Located at 171 Auburn Avenue NE and spanning an entire city block, the five-story brick-clad Renaissance Walk features 140 one- and two-bedroom apartment rental units over 30,500 square feet of street level retail. Since acquiring the property out of receivership in December 2011, Cohen & Associates has successfully stabilized the asset, with 97 percent of the apartments now leased at market rates. The retail component, which was completely vacant at the time of acquisition, is currently 60 percent leased to a mix of national and local merchants.
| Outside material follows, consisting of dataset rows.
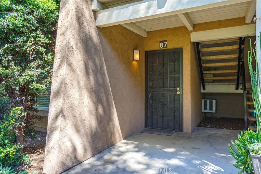 This 1 Bed 1 Bath condominium is located in the fully gated community of Red Hill Avenue in Tustin. The location of the condo is in one of the most desired locations in the community, the front view is the serene lawn and trees and the patio backs to the quietest private community street with high fence for privacy, the perfect spot in the house to enjoy your first cup of coffee. This beautiful home has one master bedroom and one full bathroom with mirrored walk-in-closets. The home has shiny laminate floors, recessed lighting, crown molding and fresh coat of crisp white designer paint. One assigned corner carport for parking with storage and ample parking for guests inside and outside the community makes this condo more valuable than others around the neighborhood. This fully gated community offers pool & jacuzzi for recreation and has a large laundromat for its residents.The HOA includes not just all the amenities but also water, gas and trash. Few minutes away from the freeway and the Tustin Marketplace for all your entertainment needs.
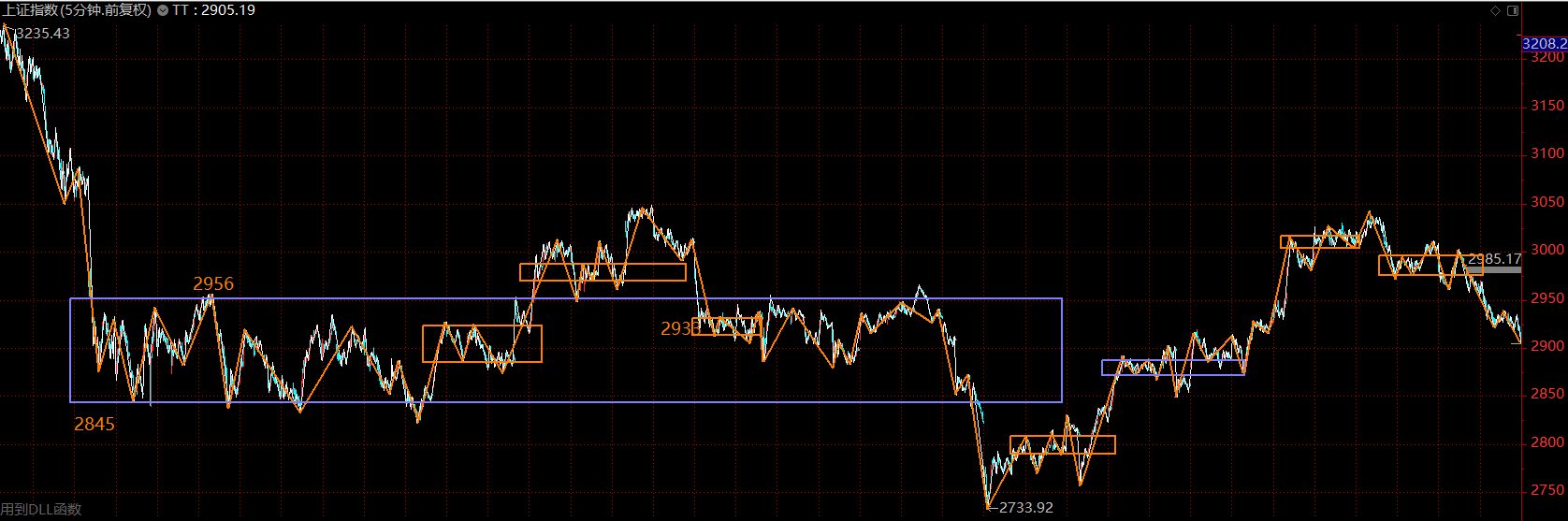 上證指數(shù)已跌回了大中樞內(nèi)部,目前最強支撐在中樞下軌2850附近。同時,從短線看,目前處于構(gòu)建五分鐘下跌趨勢第二個中樞的階段,即所謂的短線越跌越買的階段。投資者可稍微忽略指數(shù),著手分批布局三季報超預(yù)期個股,靜待反彈。
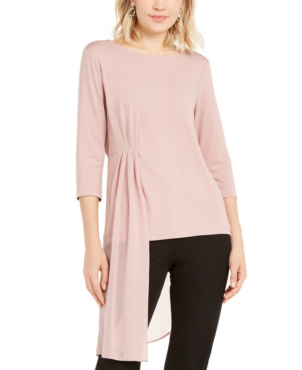 Aproximadamente 24-7/8" de comprimento | Decote redondo | Sobreposição assimétrica transparente à direita | Mangas 3/4
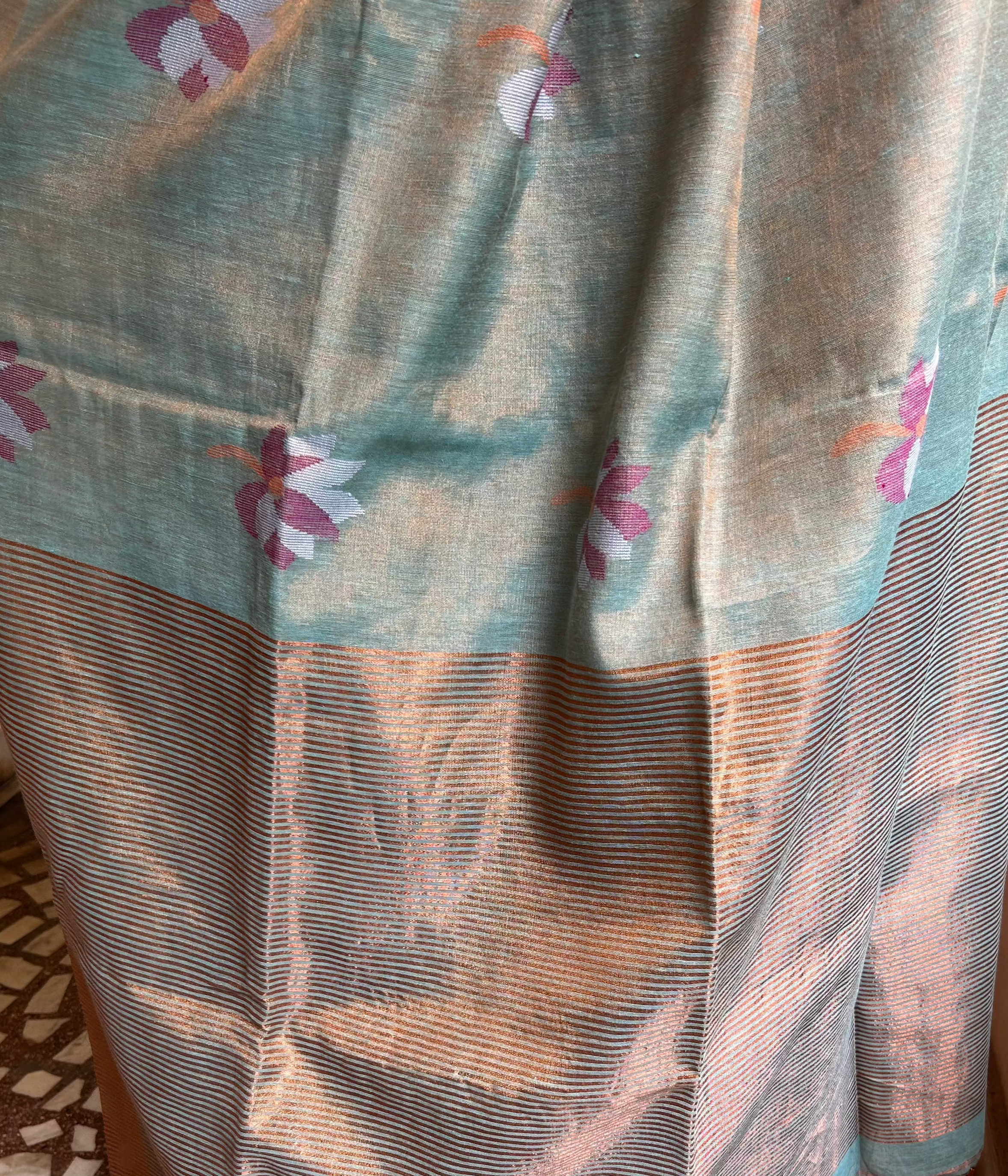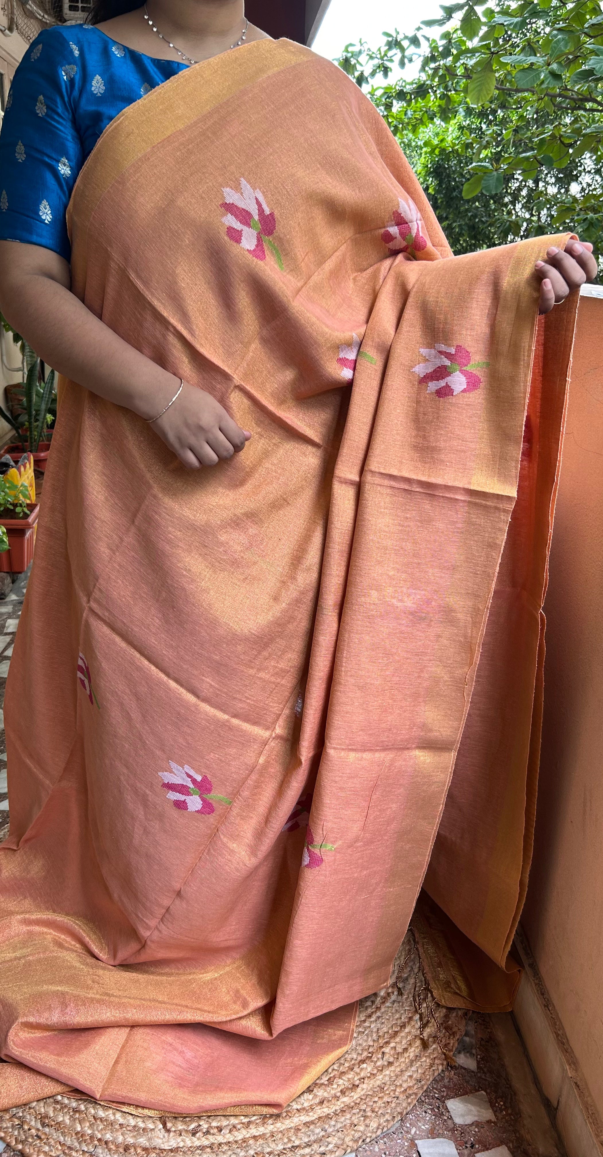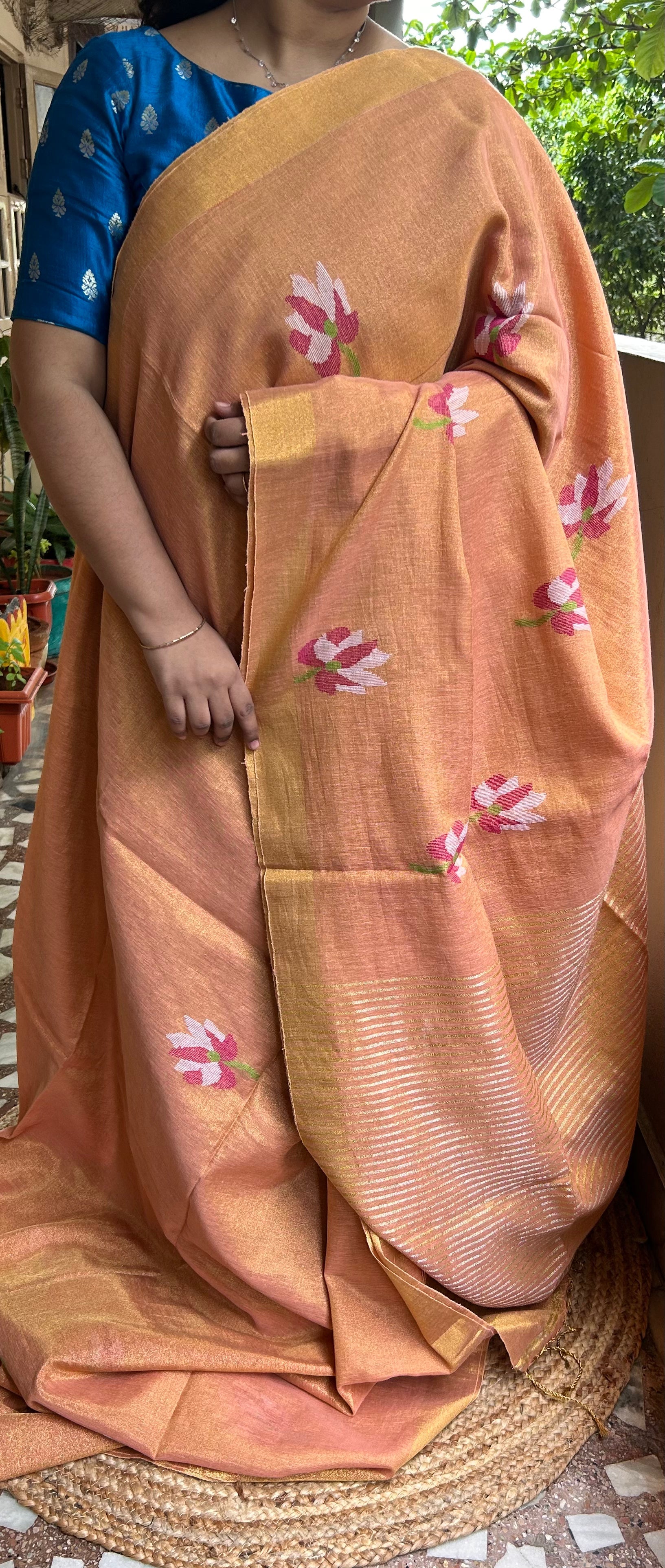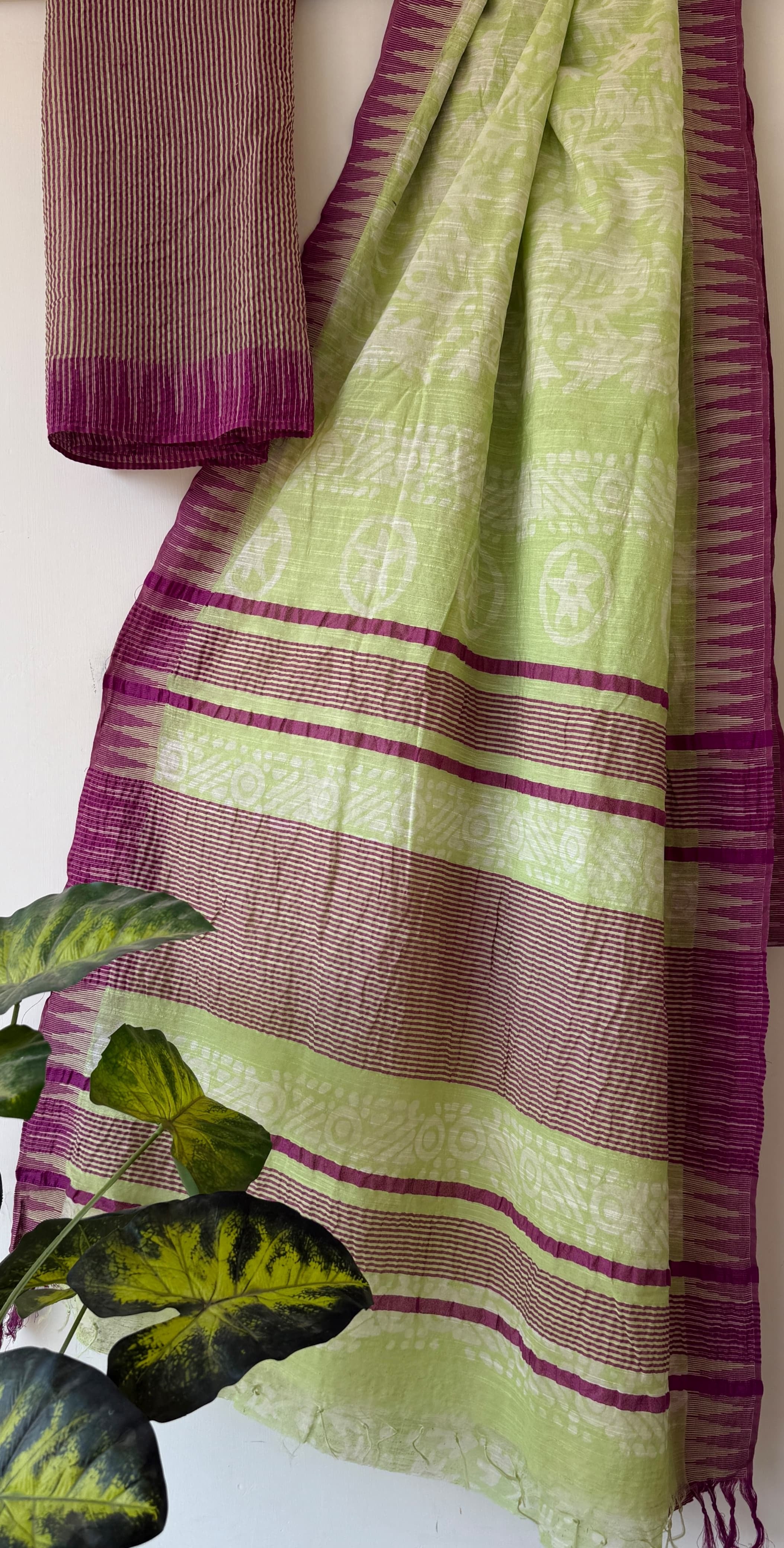 Dark Blue Vanaspati Ajrakh Linen Saree
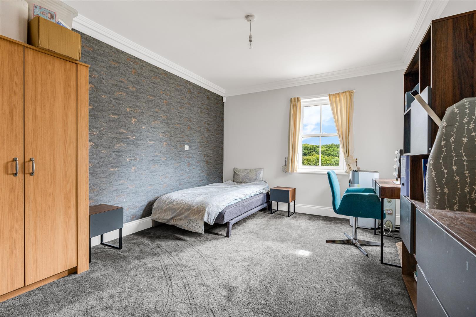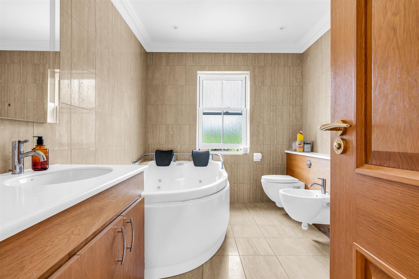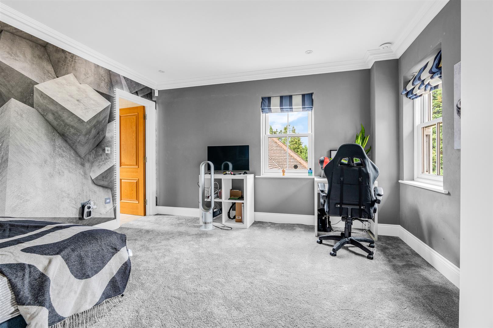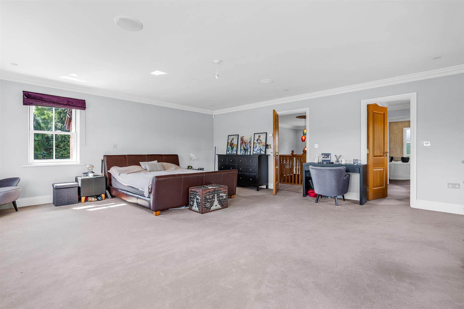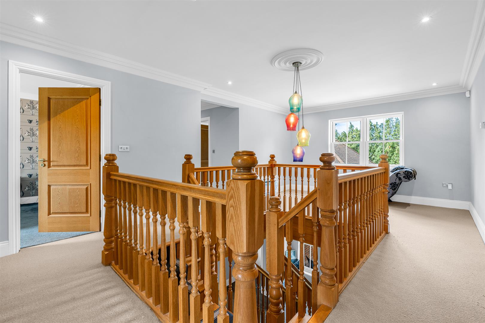 Upstairs, the wonderful, ornately carved balustrade encircles the gallery, with a nice lounge area below the front facing window. From the main landing a door opens into the generous main bedroom suite which has a large dressing room with fully fitted wardrobes and an en suite bathroom with a separate shower and double size whirlpool bath. An upper hallway runs along the house, leading to the other four bedrooms, with all of them being comfortable doubles in size, and all of them featuring an en suite shower room or bathroom with shower fitting and screen over the bath.

“This refinance program was a very complex financial package that came together so favorably for the asset and our investors as a result of our very talented and experienced team of financial people working together to bring this to fruition ” said Cohen & Associates President Gidi Cohen. "As a result, we are pleased to be returning equity back to our investors which will ultimately produce more attractive cash-on-cash returns making the complexities of this refinance plan very interesting and rewarding.”
Shlomi Ronen, Managing Principal, of Dekel Capital and David Wallenstein, Managing Director of Churchill Capital arranged the new fixed rate loan on behalf of the borrower.
“An additional feature of this refinance program is that the retail section of the property is no longer part of the new mortgage's collateral pool,” added Ronen. “Cohen & Associate’s active management of the project helped us tremendously in capturing a very healthy refinance program in addition to releasing the retail portion of this property which is now unencumbered.”
About Cohen & Associates
Cohen & Associates invests in strategically located, ground-up developments and income-producing real estate throughout and key cities in the Southeastern and Southwestern U.S., particularly in the underserved secondary or tertiary markets. Our portfolio includes apartment buildings, mixed-use development and broken condominium projects as well as notes secured by those assets. We specifically target assets that can be acquired at attractive valuations and whose upside has been affected by operational inefficiencies caused by neglect, mismanagement or under-capitalization. We then apply a disciplined investment and risk management approach to each investment. We carefully analyze local and regional market conditions such as job growth, barriers to entry, and real estate trends, to help us identify the most profitable exit strategy. We have a strong track record for turning around underperforming properties to the advantage of our investors.